Required work ->
Every line of the material must be restated exactly, though not its pictures.
[[ Material for this exercise open ]]
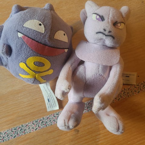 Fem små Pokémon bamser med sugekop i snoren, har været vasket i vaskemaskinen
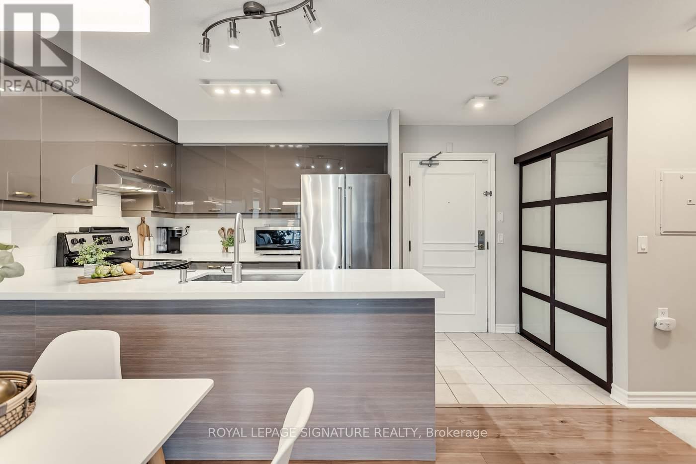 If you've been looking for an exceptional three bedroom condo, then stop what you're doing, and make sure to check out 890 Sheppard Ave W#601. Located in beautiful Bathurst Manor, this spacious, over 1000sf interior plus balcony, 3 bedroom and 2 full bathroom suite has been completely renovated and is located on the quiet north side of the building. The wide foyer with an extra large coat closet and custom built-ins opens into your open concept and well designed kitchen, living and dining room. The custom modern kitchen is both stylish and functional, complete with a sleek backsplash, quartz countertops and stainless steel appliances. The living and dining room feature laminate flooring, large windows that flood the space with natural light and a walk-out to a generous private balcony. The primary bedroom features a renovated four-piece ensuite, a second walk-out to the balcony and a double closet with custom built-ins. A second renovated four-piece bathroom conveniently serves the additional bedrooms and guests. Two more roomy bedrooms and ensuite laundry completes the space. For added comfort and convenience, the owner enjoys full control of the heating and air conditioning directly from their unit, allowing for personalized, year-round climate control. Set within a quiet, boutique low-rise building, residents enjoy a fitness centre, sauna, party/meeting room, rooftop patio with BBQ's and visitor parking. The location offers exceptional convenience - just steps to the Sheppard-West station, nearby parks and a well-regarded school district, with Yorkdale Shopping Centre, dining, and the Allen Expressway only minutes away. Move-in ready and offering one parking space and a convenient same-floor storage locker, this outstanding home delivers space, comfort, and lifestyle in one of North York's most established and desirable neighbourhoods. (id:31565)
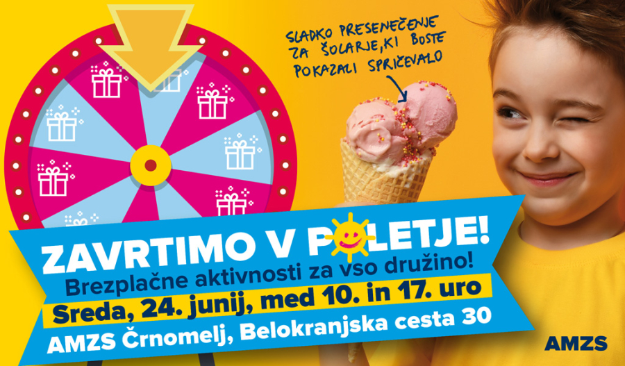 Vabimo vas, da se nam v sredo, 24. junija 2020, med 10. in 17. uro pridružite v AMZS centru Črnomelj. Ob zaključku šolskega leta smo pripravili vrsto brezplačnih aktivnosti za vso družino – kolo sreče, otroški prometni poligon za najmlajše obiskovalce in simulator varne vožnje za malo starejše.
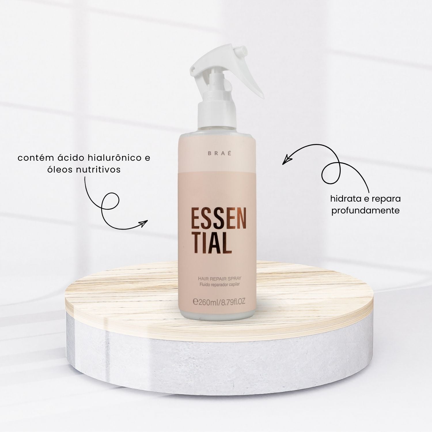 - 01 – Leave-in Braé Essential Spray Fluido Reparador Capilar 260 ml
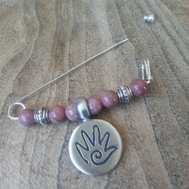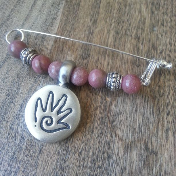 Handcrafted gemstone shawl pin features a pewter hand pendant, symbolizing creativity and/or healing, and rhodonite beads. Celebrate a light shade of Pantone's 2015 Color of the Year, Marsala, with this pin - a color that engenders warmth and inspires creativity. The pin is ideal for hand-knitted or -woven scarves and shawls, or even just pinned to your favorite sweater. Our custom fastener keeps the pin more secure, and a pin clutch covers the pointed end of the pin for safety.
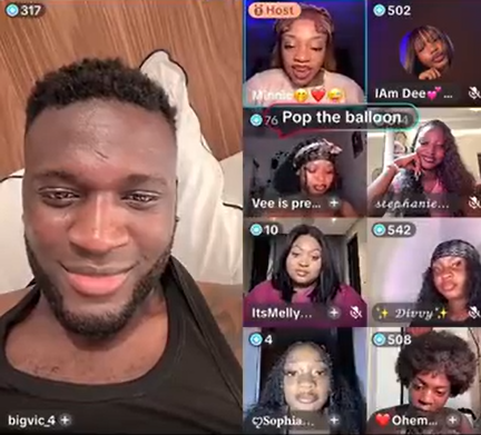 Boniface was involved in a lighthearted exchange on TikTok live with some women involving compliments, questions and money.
[[ Material for this exercise closed ]]
Exercise answer ->
 Fem små Pokémon bamser med sugekop i snoren, har været vasket i vaskemaskinen
 If you've been looking for an exceptional three bedroom condo, then stop what you're doing, and make sure to check out 890 Sheppard Ave W#601. Located in beautiful Bathurst Manor, this spacious, over 1000sf interior plus balcony, 3 bedroom and 2 full bathroom suite has been completely renovated and is located on the quiet north side of the building. The wide foyer with an extra large coat closet and custom built-ins opens into your open concept and well designed kitchen, living and dining room. The custom modern kitchen is both stylish and functional, complete with a sleek backsplash, quartz countertops and stainless steel appliances. The living and dining room feature laminate flooring, large windows that flood the space with natural light and a walk-out to a generous private balcony. The primary bedroom features a renovated four-piece ensuite, a second walk-out to the balcony and a double closet with custom built-ins. A second renovated four-piece bathroom conveniently serves the additional bedrooms and guests. Two more roomy bedrooms and ensuite laundry completes the space. For added comfort and convenience, the owner enjoys full control of the heating and air conditioning directly from their unit, allowing for personalized, year-round climate control. Set within a quiet, boutique low-rise building, residents enjoy a fitness centre, sauna, party/meeting room, rooftop patio with BBQ's and visitor parking. The location offers exceptional convenience - just steps to the Sheppard-West station, nearby parks and a well-regarded school district, with Yorkdale Shopping Centre, dining, and the Allen Expressway only minutes away. Move-in ready and offering one parking space and a convenient same-floor storage locker, this outstanding home delivers space, comfort, and lifestyle in one of North York's most established and desirable neighbourhoods. (id:31565)
 Vabimo vas, da se nam v sredo, 24. junija 2020, med 10. in 17. uro pridružite v AMZS centru Črnomelj. Ob zaključku šolskega leta smo pripravili vrsto brezplačnih aktivnosti za vso družino – kolo sreče, otroški prometni poligon za najmlajše obiskovalce in simulator varne vožnje za malo starejše.
 - 01 – Leave-in Braé Essential Spray Fluido Reparador Capilar 260 ml
 Handcrafted gemstone shawl pin features a pewter hand pendant, symbolizing creativity and/or healing, and rhodonite beads. Celebrate a light shade of Pantone's 2015 Color of the Year, Marsala, with this pin - a color that engenders warmth and inspires creativity. The pin is ideal for hand-knitted or -woven scarves and shawls, or even just pinned to your favorite sweater. Our custom fastener keeps the pin more secure, and a pin clutch covers the pointed end of the pin for safety.
 Boniface was involved in a lighthearted exchange on TikTok live with some women involving compliments, questions and money.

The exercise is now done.